## Task prompt
Could the data below be printed out exactly, with the pictures left out?

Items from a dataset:
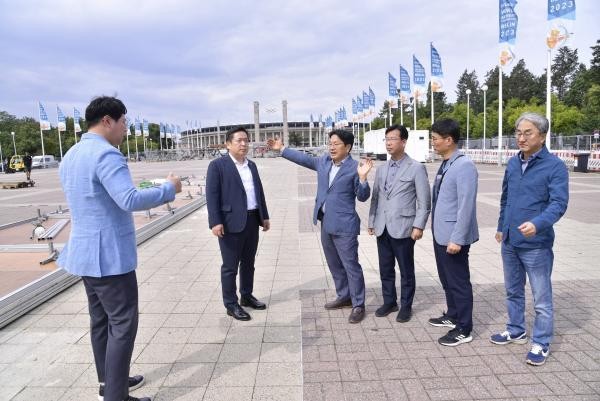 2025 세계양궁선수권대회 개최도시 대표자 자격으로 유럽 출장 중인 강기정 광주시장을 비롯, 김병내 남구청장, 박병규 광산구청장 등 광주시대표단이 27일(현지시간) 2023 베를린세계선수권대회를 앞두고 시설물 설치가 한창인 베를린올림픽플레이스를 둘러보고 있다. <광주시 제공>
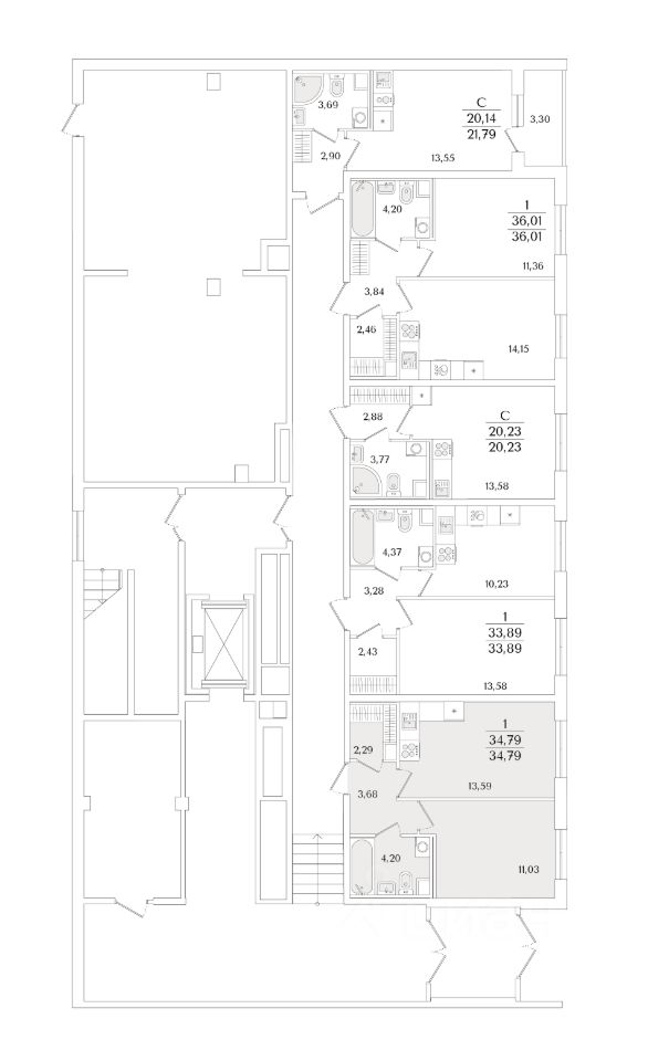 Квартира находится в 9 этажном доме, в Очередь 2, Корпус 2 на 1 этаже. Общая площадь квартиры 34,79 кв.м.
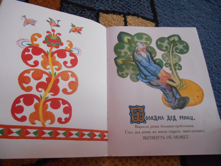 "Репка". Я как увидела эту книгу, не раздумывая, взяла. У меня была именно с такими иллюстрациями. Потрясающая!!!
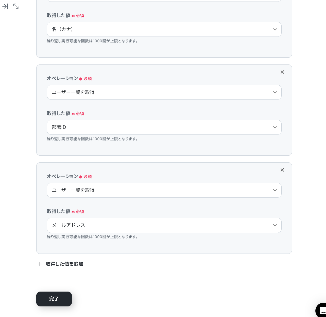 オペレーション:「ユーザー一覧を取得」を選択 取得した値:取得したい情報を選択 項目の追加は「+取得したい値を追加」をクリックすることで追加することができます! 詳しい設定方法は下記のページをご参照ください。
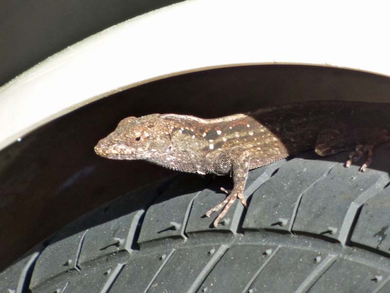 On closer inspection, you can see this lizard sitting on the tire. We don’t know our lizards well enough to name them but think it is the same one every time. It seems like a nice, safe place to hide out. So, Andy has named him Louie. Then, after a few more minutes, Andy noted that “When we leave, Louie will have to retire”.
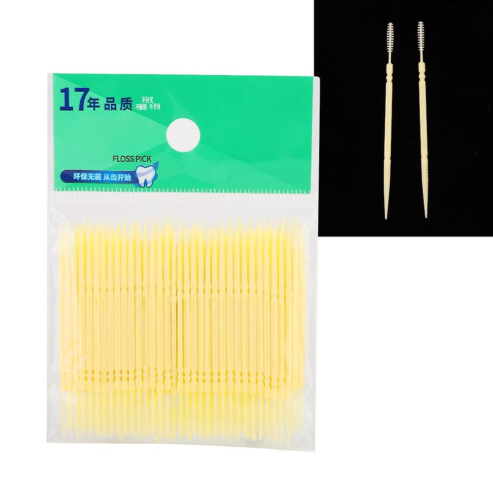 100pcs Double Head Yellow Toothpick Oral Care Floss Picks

## Answer below
 2025 세계양궁선수권대회 개최도시 대표자 자격으로 유럽 출장 중인 강기정 광주시장을 비롯, 김병내 남구청장, 박병규 광산구청장 등 광주시대표단이 27일(현지시간) 2023 베를린세계선수권대회를 앞두고 시설물 설치가 한창인 베를린올림픽플레이스를 둘러보고 있다. <광주시 제공>
 Квартира находится в 9 этажном доме, в Очередь 2, Корпус 2 на 1 этаже. Общая площадь квартиры 34,79 кв.м.
 "Репка". Я как увидела эту книгу, не раздумывая, взяла. У меня была именно с такими иллюстрациями. Потрясающая!!!
 オペレーション:「ユーザー一覧を取得」を選択 取得した値:取得したい情報を選択 項目の追加は「+取得したい値を追加」をクリックすることで追加することができます! 詳しい設定方法は下記のページをご参照ください。
 On closer inspection, you can see this lizard sitting on the tire. We don’t know our lizards well enough to name them but think it is the same one every time. It seems like a nice, safe place to hide out. So, Andy has named him Louie. Then, after a few more minutes, Andy noted that “When we leave, Louie will have to retire”.
 100pcs Double Head Yellow Toothpick Oral Care Floss Picks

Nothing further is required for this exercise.